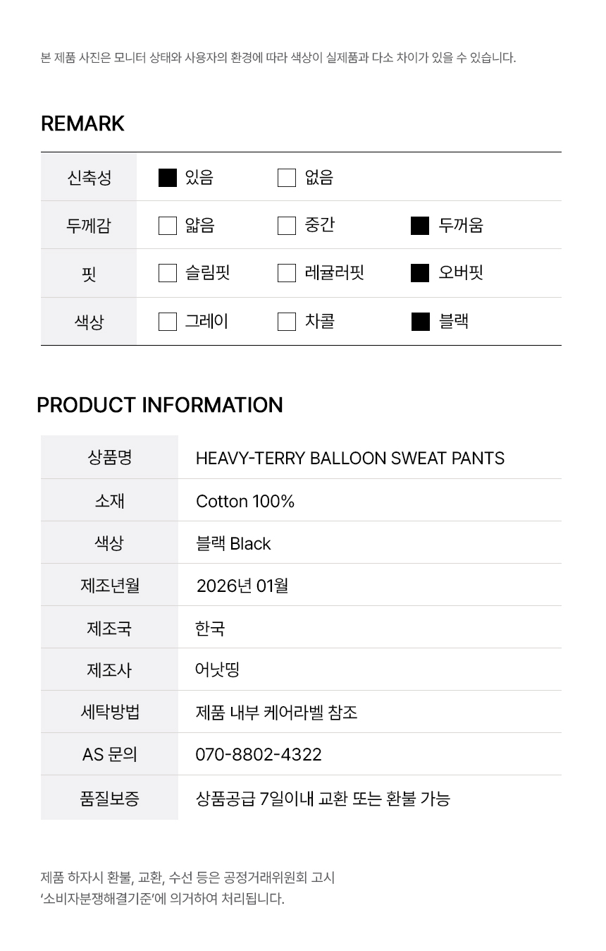 HEAVY-TERRY BALLOON SWEAT PANTS (Black)
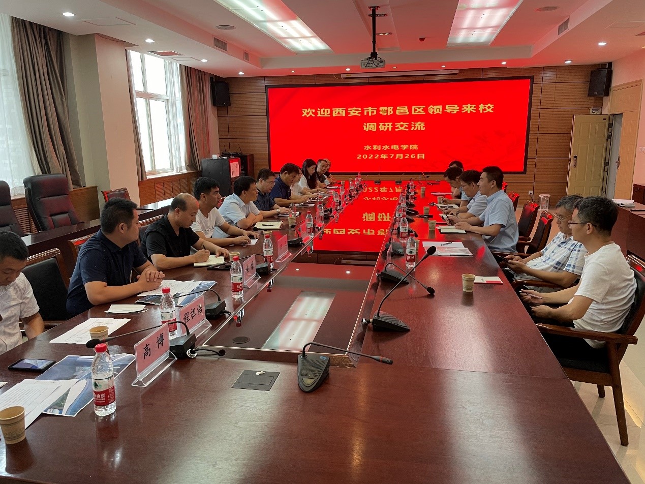 7月26日,西安市鄠邑区纪委监委常委米君虎带领鄠邑区水务局一行12人就“鄠邑区水生态警示教育中心”来BEAT365官网调研交流,BEAT365英国官网院长郭鹏程、副院长李炎隆、周蓓蓓、省部共建西北旱区生态水利国家重点实验室副主任潘保柱、罗军刚及学院相关教师代表参加了座谈交流会,会议由李炎隆主持。
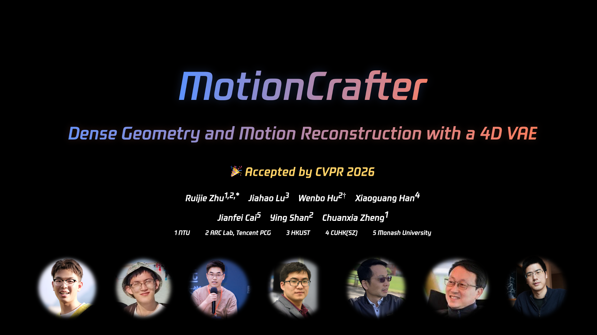 ![]() | MotionCrafter: Dense Geometry and Motion Reconstruction with a 4D VAE CVPR 2026, Denver |
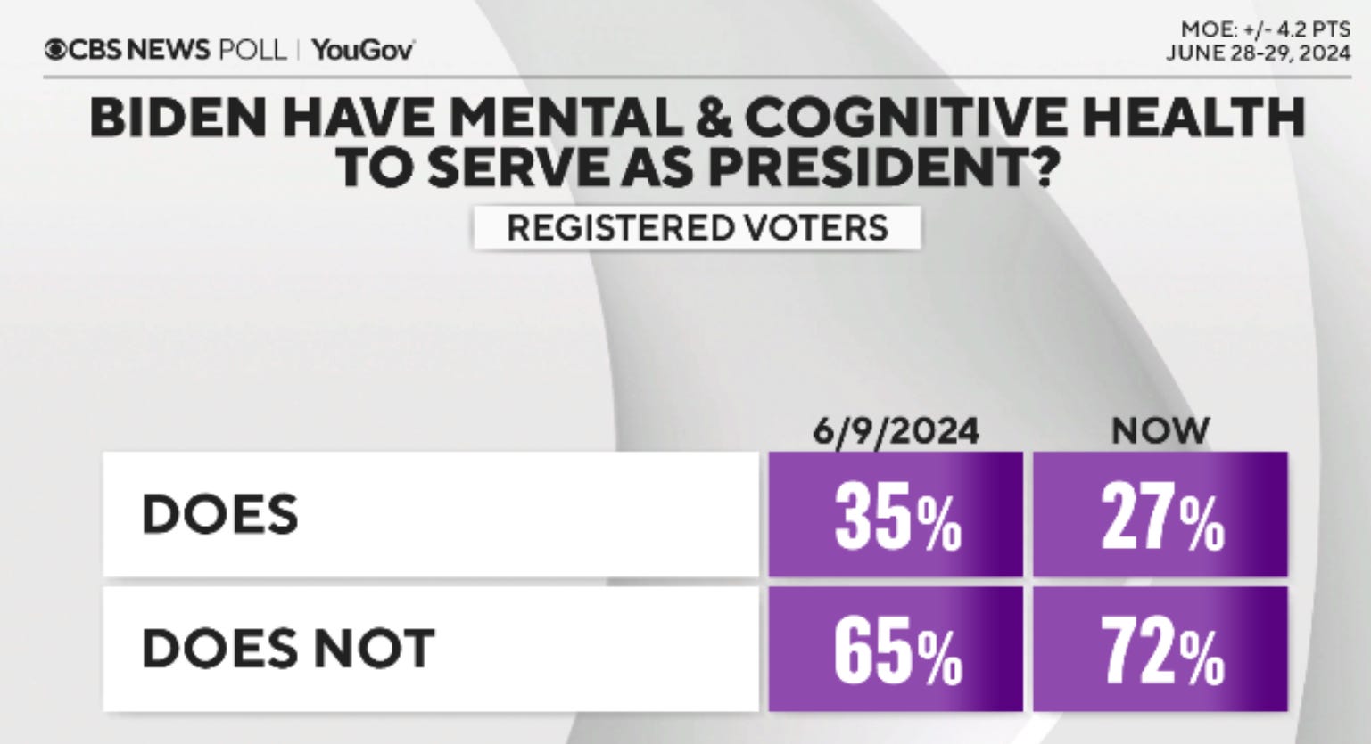 After the debate, a CBS-YouGov poll found that 72% of registered voters said Biden lacked the mental and cognitive health to serve as president, an increase of seven points from their poll a few weeks prior. 46% of registered Democrats said Biden should not be running for president, a ten point increase from pre-debate polls.
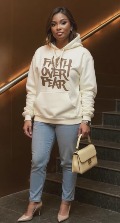 Stand fearless in style. The Faith Over Fear hoodie is designed for warriors who refuse to bow to doubt. Every wear is a shield of courage reminding you that faith conquers what fear tries to steal.
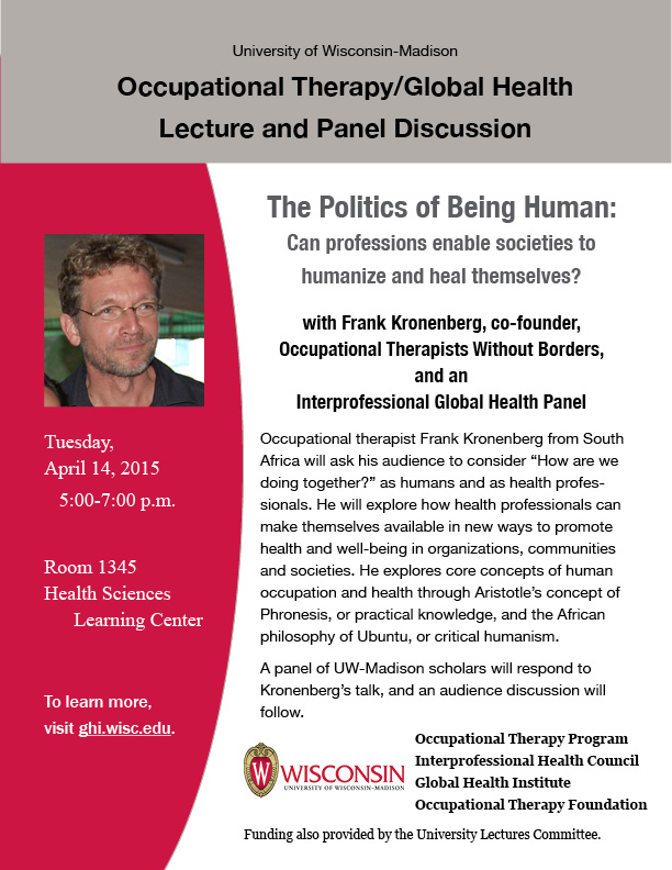 Activist, author and occupational therapist Frank Kronenberg from South Africa will open his UW-Madison talk by engaging the audience around the core question of “How are we doing together—as humanity and as health professionals.” He asks: “If caring deeply about humanity is to be the shared heartbeat of all health professionals, can we then afford to not position ourselves, our discourses and practices politically, historically and critically?
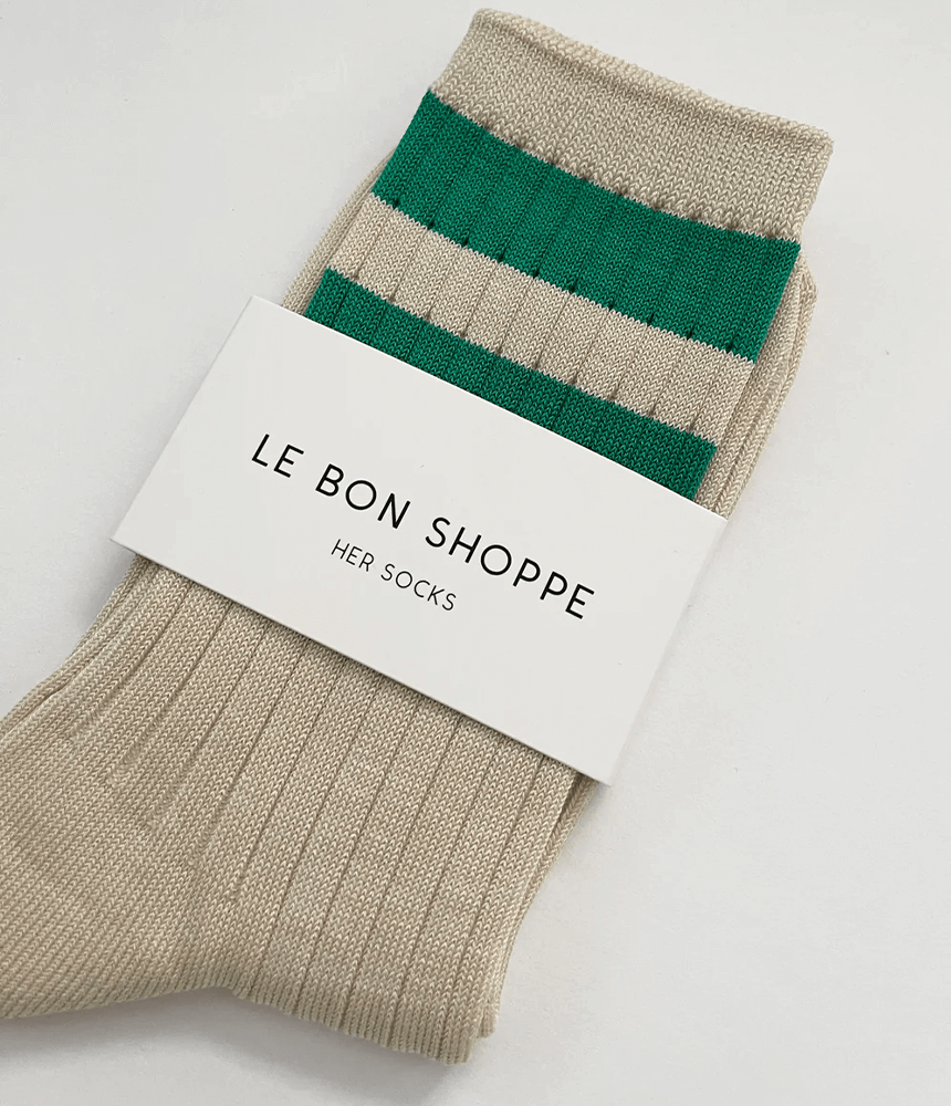 Introducing Le Bon Shoppe’s Her Varsity Sock in Green – a playful yet sophisticated addition to your wardrobe that effortlessly combines comfort with style. Elevate your sock game with this timeless piece that’s destined to be a go-to classic, ensuring you can buy now and keep forever.
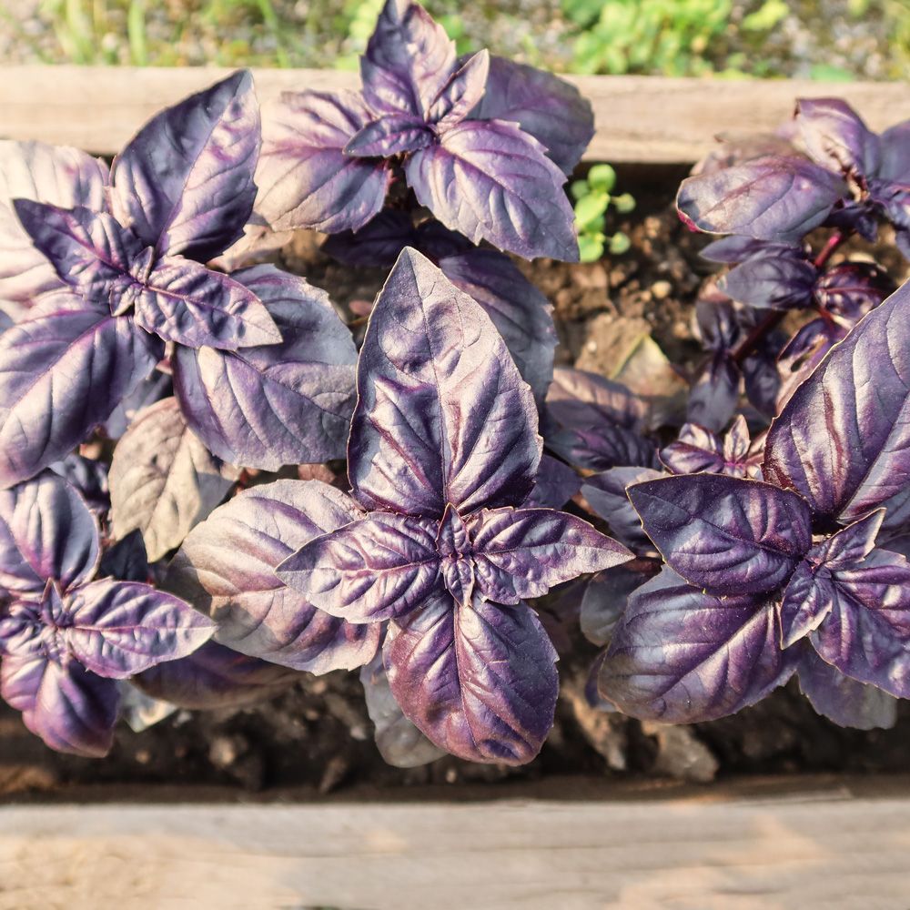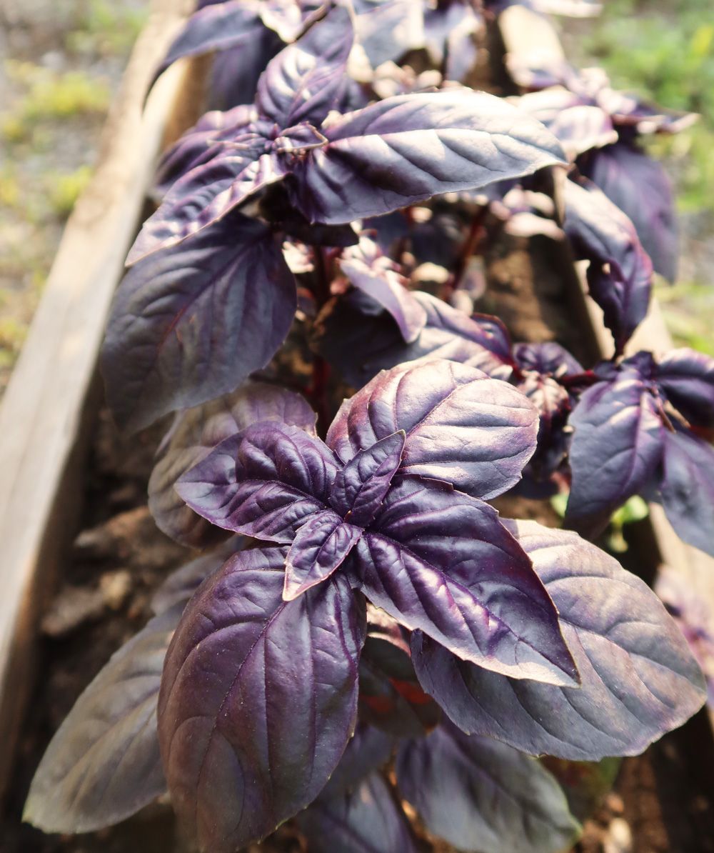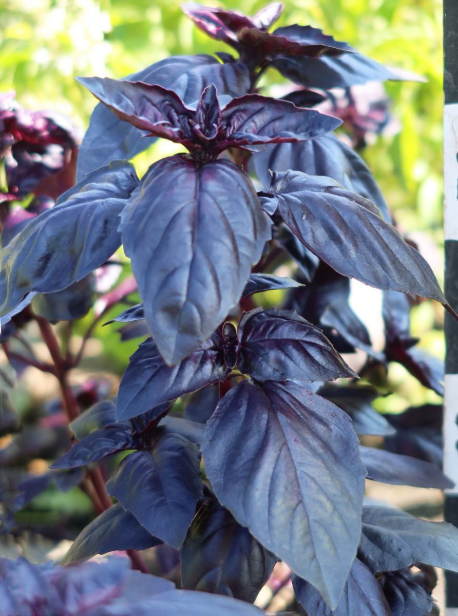 Среднеранний сорт с сияющей глянцевой листвой глубокого тёмно-бордового оттенка и изысканным ароматом гвоздики и корицы. Характеризуется быстрым отрастанием листвы после срезки. Рекомендуется для выращивания в открытом грунте, хорошо растет на домашнем подоконнике.

- - - - - - -

[EXERCISE DESCRIPTION]: Your reply should consist solely of the lines above, from the opening line through the line with "2026, Denver |", reproduced exactly and without pictures.

[RESPONSE]:
 HEAVY-TERRY BALLOON SWEAT PANTS (Black)
 7月26日,西安市鄠邑区纪委监委常委米君虎带领鄠邑区水务局一行12人就“鄠邑区水生态警示教育中心”来BEAT365官网调研交流,BEAT365英国官网院长郭鹏程、副院长李炎隆、周蓓蓓、省部共建西北旱区生态水利国家重点实验室副主任潘保柱、罗军刚及学院相关教师代表参加了座谈交流会,会议由李炎隆主持。
 ![]() | MotionCrafter: Dense Geometry and Motion Reconstruction with a 4D VAE CVPR 2026, Denver |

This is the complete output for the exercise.